Given the material below, output exactly the lines from the line with "Inel din aur" to the line with "本次系列活动通过海报宣传、绘", both ends included, and no other lines.

▶

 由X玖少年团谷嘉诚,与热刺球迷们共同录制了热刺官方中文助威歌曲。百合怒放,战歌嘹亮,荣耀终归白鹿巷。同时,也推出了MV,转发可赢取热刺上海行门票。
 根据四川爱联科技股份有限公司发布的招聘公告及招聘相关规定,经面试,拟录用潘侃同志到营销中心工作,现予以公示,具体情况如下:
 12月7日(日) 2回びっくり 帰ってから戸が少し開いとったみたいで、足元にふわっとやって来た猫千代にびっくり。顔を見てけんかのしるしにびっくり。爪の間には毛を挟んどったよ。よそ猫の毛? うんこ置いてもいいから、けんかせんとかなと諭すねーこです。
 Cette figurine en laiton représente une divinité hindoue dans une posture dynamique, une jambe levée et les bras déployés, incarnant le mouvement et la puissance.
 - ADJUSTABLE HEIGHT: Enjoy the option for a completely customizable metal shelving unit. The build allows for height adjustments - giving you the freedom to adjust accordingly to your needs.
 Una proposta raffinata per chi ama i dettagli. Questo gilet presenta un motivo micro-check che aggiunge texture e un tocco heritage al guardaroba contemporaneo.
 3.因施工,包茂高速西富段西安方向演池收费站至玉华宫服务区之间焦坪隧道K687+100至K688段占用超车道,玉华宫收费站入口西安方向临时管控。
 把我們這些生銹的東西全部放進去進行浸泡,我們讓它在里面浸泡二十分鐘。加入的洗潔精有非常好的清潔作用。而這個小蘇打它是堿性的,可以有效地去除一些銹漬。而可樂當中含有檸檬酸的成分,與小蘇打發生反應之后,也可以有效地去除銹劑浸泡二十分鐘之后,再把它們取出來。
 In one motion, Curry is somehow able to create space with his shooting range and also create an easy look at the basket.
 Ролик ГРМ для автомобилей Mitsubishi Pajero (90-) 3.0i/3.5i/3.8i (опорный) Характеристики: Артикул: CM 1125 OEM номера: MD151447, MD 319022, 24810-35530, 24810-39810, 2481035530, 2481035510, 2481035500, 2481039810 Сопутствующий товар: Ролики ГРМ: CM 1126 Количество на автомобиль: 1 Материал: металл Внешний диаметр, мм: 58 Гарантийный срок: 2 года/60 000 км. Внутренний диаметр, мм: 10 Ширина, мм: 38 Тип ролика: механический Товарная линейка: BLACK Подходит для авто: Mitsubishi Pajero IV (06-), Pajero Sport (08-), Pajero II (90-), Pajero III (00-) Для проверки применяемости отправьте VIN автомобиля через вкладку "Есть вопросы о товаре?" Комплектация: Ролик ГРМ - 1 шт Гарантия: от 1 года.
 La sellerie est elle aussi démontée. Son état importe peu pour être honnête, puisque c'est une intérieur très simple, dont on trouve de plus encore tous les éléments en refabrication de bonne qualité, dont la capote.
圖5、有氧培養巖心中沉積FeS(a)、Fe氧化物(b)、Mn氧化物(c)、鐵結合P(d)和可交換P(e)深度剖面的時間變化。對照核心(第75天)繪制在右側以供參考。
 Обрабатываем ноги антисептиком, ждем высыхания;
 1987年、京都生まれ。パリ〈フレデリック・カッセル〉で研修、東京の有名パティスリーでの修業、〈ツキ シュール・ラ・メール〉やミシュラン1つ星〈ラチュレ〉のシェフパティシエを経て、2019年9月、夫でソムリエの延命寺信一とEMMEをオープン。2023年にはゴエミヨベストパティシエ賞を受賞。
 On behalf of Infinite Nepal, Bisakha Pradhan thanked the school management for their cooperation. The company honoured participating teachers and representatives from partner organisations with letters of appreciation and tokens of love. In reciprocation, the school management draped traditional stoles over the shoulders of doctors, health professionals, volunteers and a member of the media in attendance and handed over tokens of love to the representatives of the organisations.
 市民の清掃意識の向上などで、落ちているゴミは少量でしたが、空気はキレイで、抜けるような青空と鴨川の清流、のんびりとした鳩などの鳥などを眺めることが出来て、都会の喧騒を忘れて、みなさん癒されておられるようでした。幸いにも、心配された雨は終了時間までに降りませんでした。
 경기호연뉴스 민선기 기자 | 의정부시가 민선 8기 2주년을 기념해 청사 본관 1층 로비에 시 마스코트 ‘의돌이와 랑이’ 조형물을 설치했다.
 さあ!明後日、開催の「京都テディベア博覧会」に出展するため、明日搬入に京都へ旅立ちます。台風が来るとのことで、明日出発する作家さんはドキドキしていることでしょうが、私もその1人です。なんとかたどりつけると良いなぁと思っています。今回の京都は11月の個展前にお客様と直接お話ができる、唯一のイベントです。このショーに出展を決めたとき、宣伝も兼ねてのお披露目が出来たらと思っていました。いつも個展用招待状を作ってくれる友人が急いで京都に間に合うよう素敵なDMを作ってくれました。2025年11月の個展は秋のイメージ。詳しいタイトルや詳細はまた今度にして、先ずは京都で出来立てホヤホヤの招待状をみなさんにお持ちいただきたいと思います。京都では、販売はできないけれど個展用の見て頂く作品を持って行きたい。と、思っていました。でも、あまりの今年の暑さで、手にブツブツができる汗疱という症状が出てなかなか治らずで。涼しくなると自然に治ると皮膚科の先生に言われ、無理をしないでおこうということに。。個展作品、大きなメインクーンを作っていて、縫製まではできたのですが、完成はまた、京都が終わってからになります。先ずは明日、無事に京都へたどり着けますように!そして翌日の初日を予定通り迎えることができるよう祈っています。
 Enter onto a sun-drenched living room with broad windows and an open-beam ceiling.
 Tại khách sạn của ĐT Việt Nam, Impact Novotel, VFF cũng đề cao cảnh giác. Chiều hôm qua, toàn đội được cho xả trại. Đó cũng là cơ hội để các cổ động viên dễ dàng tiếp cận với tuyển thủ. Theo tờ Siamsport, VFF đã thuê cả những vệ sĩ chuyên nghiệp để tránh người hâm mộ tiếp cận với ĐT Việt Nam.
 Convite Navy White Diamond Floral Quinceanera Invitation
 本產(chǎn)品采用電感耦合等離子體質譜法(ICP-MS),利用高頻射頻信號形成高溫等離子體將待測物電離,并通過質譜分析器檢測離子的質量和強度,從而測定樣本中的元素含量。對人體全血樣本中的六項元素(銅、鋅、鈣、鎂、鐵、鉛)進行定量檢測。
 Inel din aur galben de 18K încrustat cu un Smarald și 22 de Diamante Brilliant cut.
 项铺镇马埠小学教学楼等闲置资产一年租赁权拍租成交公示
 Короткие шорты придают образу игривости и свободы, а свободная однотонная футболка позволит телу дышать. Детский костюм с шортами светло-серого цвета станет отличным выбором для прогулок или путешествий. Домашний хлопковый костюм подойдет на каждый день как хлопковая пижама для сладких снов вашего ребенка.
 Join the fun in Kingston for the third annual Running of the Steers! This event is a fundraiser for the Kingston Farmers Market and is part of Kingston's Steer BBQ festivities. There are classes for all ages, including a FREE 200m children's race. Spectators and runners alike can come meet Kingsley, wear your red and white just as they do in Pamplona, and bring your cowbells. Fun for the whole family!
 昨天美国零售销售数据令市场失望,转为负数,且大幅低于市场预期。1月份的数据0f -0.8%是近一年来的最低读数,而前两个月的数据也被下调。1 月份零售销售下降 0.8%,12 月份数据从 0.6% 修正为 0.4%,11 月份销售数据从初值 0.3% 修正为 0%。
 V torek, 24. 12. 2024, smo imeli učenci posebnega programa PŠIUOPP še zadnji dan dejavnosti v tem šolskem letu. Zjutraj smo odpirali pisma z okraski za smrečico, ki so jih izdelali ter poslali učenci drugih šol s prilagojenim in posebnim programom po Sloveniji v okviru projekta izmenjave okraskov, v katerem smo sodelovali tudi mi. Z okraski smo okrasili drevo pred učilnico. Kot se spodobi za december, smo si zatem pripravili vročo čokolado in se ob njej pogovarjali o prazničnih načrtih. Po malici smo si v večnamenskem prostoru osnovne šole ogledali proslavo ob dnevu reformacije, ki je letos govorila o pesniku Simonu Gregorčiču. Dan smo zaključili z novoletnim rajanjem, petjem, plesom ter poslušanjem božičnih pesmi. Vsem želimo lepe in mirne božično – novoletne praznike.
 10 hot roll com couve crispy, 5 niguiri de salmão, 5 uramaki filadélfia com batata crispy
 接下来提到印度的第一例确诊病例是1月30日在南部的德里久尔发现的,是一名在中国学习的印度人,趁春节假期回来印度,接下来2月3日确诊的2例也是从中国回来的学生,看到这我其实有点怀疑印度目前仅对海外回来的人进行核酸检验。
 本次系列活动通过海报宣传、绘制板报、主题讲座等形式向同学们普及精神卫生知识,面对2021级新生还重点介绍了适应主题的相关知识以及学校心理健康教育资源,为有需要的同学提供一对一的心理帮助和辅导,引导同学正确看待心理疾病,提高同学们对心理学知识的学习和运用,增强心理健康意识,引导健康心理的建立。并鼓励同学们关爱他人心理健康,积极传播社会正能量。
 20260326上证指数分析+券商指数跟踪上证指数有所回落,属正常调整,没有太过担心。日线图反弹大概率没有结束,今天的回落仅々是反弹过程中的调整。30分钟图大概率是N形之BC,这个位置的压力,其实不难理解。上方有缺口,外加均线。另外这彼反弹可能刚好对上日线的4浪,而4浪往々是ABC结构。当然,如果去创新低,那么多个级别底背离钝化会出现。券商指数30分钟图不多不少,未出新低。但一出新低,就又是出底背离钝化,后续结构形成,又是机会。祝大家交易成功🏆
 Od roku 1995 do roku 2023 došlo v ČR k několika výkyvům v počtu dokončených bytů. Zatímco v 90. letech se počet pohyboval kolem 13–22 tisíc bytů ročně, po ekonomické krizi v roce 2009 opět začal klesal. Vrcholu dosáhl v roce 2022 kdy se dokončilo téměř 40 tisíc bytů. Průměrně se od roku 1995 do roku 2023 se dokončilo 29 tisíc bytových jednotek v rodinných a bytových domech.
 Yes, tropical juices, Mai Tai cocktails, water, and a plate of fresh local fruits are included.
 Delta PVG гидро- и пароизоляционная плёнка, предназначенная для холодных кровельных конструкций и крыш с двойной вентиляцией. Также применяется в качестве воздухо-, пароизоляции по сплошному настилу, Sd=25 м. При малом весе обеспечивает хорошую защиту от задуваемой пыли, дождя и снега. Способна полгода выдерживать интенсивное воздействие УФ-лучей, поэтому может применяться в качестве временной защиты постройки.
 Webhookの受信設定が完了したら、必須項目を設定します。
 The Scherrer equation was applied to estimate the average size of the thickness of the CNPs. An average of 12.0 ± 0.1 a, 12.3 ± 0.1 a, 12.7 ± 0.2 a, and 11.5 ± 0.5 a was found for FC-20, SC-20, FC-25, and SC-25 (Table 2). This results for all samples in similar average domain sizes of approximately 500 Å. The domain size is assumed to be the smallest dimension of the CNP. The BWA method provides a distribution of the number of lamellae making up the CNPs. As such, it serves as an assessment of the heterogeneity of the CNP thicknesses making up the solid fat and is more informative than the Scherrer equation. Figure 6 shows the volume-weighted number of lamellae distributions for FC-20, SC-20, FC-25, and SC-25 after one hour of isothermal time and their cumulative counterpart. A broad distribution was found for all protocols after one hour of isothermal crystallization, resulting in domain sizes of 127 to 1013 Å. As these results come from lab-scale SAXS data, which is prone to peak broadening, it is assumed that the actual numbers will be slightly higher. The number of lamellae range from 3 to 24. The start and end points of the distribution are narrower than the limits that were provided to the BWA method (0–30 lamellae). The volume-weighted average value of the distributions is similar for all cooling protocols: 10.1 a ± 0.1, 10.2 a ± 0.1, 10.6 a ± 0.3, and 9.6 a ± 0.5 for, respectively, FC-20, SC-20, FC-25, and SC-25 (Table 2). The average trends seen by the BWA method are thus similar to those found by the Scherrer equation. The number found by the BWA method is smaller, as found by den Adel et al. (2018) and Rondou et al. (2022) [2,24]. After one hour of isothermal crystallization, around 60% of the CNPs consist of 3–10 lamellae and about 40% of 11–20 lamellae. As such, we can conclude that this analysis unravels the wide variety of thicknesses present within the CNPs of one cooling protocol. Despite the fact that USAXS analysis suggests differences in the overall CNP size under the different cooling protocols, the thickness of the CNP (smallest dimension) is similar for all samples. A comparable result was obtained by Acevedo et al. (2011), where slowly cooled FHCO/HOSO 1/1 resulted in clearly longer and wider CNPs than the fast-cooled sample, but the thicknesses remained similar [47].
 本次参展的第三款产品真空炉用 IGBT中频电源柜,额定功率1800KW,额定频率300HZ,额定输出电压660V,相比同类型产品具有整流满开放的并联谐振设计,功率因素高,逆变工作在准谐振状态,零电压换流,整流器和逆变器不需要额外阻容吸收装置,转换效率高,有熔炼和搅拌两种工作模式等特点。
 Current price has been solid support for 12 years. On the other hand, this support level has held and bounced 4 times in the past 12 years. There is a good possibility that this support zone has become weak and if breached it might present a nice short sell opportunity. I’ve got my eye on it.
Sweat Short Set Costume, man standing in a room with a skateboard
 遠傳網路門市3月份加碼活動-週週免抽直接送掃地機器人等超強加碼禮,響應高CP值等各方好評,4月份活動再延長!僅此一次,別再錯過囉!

◀

## Your solution
 Inel din aur galben de 18K încrustat cu un Smarald și 22 de Diamante Brilliant cut.
 项铺镇马埠小学教学楼等闲置资产一年租赁权拍租成交公示
 Короткие шорты придают образу игривости и свободы, а свободная однотонная футболка позволит телу дышать. Детский костюм с шортами светло-серого цвета станет отличным выбором для прогулок или путешествий. Домашний хлопковый костюм подойдет на каждый день как хлопковая пижама для сладких снов вашего ребенка.
 Join the fun in Kingston for the third annual Running of the Steers! This event is a fundraiser for the Kingston Farmers Market and is part of Kingston's Steer BBQ festivities. There are classes for all ages, including a FREE 200m children's race. Spectators and runners alike can come meet Kingsley, wear your red and white just as they do in Pamplona, and bring your cowbells. Fun for the whole family!
 昨天美国零售销售数据令市场失望,转为负数,且大幅低于市场预期。1月份的数据0f -0.8%是近一年来的最低读数,而前两个月的数据也被下调。1 月份零售销售下降 0.8%,12 月份数据从 0.6% 修正为 0.4%,11 月份销售数据从初值 0.3% 修正为 0%。
 V torek, 24. 12. 2024, smo imeli učenci posebnega programa PŠIUOPP še zadnji dan dejavnosti v tem šolskem letu. Zjutraj smo odpirali pisma z okraski za smrečico, ki so jih izdelali ter poslali učenci drugih šol s prilagojenim in posebnim programom po Sloveniji v okviru projekta izmenjave okraskov, v katerem smo sodelovali tudi mi. Z okraski smo okrasili drevo pred učilnico. Kot se spodobi za december, smo si zatem pripravili vročo čokolado in se ob njej pogovarjali o prazničnih načrtih. Po malici smo si v večnamenskem prostoru osnovne šole ogledali proslavo ob dnevu reformacije, ki je letos govorila o pesniku Simonu Gregorčiču. Dan smo zaključili z novoletnim rajanjem, petjem, plesom ter poslušanjem božičnih pesmi. Vsem želimo lepe in mirne božično – novoletne praznike.
 10 hot roll com couve crispy, 5 niguiri de salmão, 5 uramaki filadélfia com batata crispy
 接下来提到印度的第一例确诊病例是1月30日在南部的德里久尔发现的,是一名在中国学习的印度人,趁春节假期回来印度,接下来2月3日确诊的2例也是从中国回来的学生,看到这我其实有点怀疑印度目前仅对海外回来的人进行核酸检验。
 本次系列活动通过海报宣传、绘制板报、主题讲座等形式向同学们普及精神卫生知识,面对2021级新生还重点介绍了适应主题的相关知识以及学校心理健康教育资源,为有需要的同学提供一对一的心理帮助和辅导,引导同学正确看待心理疾病,提高同学们对心理学知识的学习和运用,增强心理健康意识,引导健康心理的建立。并鼓励同学们关爱他人心理健康,积极传播社会正能量。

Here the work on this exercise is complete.